A few years ago, Chris Olah gave a machine learning seminar for GiveWell staff who were interested (i.e. curious people with no ML background).
In one session, he introduced the manifold hypothesis, and its corollary that platonic concepts might exist on an objective manifold such that the (objective) relationships between concepts can be explored by exploring the manifold space. Example: King - Man + Woman = Queen
(I'm probably butchering the idea here, but that's not important for current purposes.)
Chris was super enthusiastic as he explained this idea. One I understood it a little, my reaction was something like: "huh, that's pretty cool."
I think part of the difference between Chris and my reactions to the manifold hypothesis is explained by his greater mastery of the material (greater mastery leading to greater appreciation of the phenomenon & its subtleties).
But I think another (large) part of the difference is explained by personal affinity to the material. (e.g. if there was another idea similar in character to the manifold hypothesis but totally new to both Chris & myself, I posit that learning about this new idea would be much more exciting for Chris.)
I'm not claiming that this difference is innate & immovable. I think I could grow more interested in manifold-hypothesis-like ideas, and Chris could grow less.
I am claiming that given our personal histories to date, our genetic makeup, and our beliefs about ourselves & the world, manifold-hypothesis-like ideas are much more salient to Chris than than to me.
Okay, sure, but why bring this up?
I'm currently holding that a lot of the useful work to be done on AI alignment is technical work. This is the conjunction of "first-principles work like MIRI is doing is basically math research" and "AI alignment stuff that falls out AI development is basically software engineering."
To the extent that useful work on AI alignment is technical work, my contribution is mediated by how much technical capacity I can contribute.
I think in this context, "technical capacity" basically flows from interest in manifold-hypothesis-like problems.
For whatever reason, I don't think that this kind of interest can be manufactured by exhortations like "holy shit this research area might be a really big deal for humanity."
Humans don't appear to be built in a way that allows for easy conversion of considered views into personal saliency.
This is in tension with another view I hold, something like "I enjoy working on problems that seem important & neglected." I think there's truth in that, but it's not the full story.
Consider "thinking about humanitarian issues and what matters" as an idea of the same kind as "thinking about the manifold hypothesis."
I think I get more juice out of thinking about ethics & comparative humanitarian impact than Chris Olah does, in the same way he gets more juice out of thinking about the manifold hypothesis than I do. I don't know why this is true. (Well, I do: some combination of our genetics, personal histories, and beliefs about the world. But that's not a very satisfying answer.)
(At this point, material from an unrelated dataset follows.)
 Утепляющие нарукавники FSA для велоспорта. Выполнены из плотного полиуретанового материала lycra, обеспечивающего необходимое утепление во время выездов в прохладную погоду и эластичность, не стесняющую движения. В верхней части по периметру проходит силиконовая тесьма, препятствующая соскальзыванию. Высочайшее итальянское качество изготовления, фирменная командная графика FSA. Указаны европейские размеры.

It would be a mistake to take "I enjoy thinking about ethics & comparative humanitarian impact" and infer from it that after some period of thinking about what's worth doing (and deciding on a worthwhile path forward), my interest in thinking about what's worth doing will easily convert into interest in the object-level thing I settle on.
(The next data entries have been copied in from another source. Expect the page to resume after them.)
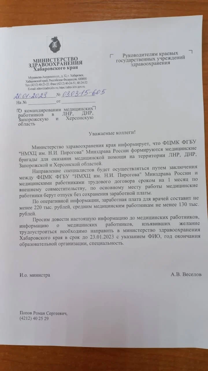 Хабаровським та томським лікарям пропонують відрядження у так звані «Л/ДНР», а також у Запорізьку та Херсонську області за «великі» гроші.
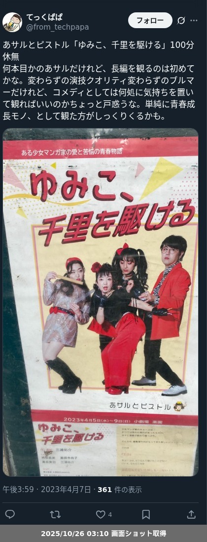 【ネタバレ分離】 あサルとピストル「ゆみこ、千里を駆ける」の観劇レポートです。
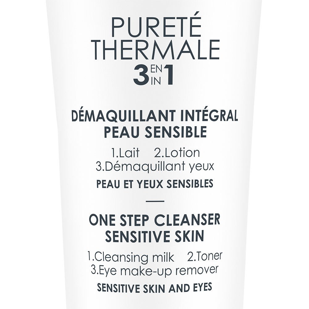 PURETE THERMALE Démaquillant Intégral 3en1 offre à la fois un soin nourrissant et doux, une lotion rafraîchissante et un démaquillant délicat pour les yeux.

I regularly make this mistake when thinking about career moves. Another way of saying this: ideas about what problems seems most important from a God's-eye view do not easily or simply map to ideas about what I should do, specifically.
Maybe this seems obvious, but I've only come to appreciate it in the last few months. (And if I'm feeling grandiose I'm tempted to claim that large swaths of EA are making the same simple-mapping error.)
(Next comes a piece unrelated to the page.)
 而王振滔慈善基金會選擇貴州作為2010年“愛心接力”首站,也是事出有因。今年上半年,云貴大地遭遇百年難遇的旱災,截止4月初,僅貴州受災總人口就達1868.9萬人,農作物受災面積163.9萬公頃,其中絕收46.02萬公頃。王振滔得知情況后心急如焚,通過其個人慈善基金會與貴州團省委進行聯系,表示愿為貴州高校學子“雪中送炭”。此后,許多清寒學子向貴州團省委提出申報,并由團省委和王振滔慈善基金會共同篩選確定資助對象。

These days I'm feeling bearish about non-technical work on AI alignment, and technical progress on AI alignment is heavily meditated by personal interest in the subject matter. But personal interest isn't fixed, and to some extent it increases as you learn more about a research area.
So maybe I should tool up on AI, and see how my interest responds?
This sounds pretty good, except for I already tried that and it didn't go super well.
This doesn't rule out another attempt, but my life is set up in a similar way now to how it was then (a lot of unstructured time, no clear social or community accountability for doing the thing), and the Nanodegree's accountability mechanisms proved insufficient to motivate me consistently. (It annoyed me to pay each month for program enrollment, and that probably led to more work than I would have done otherwise, but not enough to get me to complete; being graded by random internet instructors didn't motivate me at all because it felt super arbitrary, "why do I care about what these people think?", "so what if I do a sloppy job on this assignment, who in my life is going to notice?")
That attempt failed to bootstrap intrinsic motivation in the ideas; this failure makes me less excited about another similar-seeming attempt. Especially when I contrast it to my self-directed progress in other directions which have gone better (e.g. writing essays about ethics).
I'm coming to a point where it doesn't feel like there's much of a choice here. To sum up:
- Technical AI work hinges on interest in technical problems
- Currently I don't have much interest in technical problems (and I don't really know why not)
- I'm not the sort of creature who can (explicitly) will himself into being interested in a problem-space
- A previous attempt to cultivate interest in technical problems didn't work well
A big constraint on thinking about what to do next is how interesting I find the problem-spaces I'm considering.